━━━ RECORDS SHOWN

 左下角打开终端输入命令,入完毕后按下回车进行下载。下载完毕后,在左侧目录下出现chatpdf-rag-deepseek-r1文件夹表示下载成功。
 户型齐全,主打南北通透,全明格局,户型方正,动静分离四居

━━━━━━
━━━ RECORDS SHOWN

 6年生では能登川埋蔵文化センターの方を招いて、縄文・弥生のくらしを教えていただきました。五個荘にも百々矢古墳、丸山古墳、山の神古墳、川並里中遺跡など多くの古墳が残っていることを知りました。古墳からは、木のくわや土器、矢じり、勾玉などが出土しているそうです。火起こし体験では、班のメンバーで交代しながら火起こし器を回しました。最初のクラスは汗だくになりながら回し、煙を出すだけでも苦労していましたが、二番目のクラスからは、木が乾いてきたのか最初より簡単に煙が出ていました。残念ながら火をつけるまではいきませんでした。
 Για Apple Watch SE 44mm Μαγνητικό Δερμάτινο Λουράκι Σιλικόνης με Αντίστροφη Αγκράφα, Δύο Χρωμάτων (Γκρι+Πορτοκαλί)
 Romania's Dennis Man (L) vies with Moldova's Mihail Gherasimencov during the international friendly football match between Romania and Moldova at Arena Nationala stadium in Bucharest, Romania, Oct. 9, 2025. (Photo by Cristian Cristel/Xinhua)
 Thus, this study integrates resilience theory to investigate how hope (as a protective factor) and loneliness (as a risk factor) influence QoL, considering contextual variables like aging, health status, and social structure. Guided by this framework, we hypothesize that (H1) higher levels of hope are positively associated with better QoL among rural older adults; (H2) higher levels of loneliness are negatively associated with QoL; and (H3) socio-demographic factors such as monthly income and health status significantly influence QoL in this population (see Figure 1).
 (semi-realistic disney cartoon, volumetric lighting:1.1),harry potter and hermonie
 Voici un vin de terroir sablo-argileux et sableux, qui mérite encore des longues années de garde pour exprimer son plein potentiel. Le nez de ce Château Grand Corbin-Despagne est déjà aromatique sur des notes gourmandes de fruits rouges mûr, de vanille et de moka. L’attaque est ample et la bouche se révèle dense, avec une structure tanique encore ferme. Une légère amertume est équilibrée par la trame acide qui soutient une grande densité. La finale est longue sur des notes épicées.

━━━━━━
━━━ RECORDS SHOWN

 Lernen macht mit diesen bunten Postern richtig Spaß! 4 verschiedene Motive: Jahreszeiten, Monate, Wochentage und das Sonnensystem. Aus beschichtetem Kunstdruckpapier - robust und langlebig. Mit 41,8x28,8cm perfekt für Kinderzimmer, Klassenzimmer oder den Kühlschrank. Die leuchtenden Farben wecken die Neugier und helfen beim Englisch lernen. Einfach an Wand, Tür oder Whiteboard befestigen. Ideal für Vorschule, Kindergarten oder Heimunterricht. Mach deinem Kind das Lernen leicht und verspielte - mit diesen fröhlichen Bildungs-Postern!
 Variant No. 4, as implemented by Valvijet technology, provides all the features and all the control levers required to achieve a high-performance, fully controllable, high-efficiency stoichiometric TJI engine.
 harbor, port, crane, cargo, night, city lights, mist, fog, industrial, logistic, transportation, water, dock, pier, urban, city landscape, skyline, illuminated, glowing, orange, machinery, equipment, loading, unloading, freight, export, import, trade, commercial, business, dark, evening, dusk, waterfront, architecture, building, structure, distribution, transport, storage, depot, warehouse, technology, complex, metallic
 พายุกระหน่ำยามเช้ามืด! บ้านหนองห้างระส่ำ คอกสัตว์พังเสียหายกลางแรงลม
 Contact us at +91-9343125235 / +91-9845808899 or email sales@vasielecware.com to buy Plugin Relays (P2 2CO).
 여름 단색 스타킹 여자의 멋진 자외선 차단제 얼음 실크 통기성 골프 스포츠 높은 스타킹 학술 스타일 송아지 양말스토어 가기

━━━━━━

> _WHAT TO WORK ON_
From the data above, copy out every line with the string "technology" in it.

> _RESPONSE AREA_
 Variant No. 4, as implemented by Valvijet technology, provides all the features and all the control levers required to achieve a high-performance, fully controllable, high-efficiency stoichiometric TJI engine.
 harbor, port, crane, cargo, night, city lights, mist, fog, industrial, logistic, transportation, water, dock, pier, urban, city landscape, skyline, illuminated, glowing, orange, machinery, equipment, loading, unloading, freight, export, import, trade, commercial, business, dark, evening, dusk, waterfront, architecture, building, structure, distribution, transport, storage, depot, warehouse, technology, complex, metallic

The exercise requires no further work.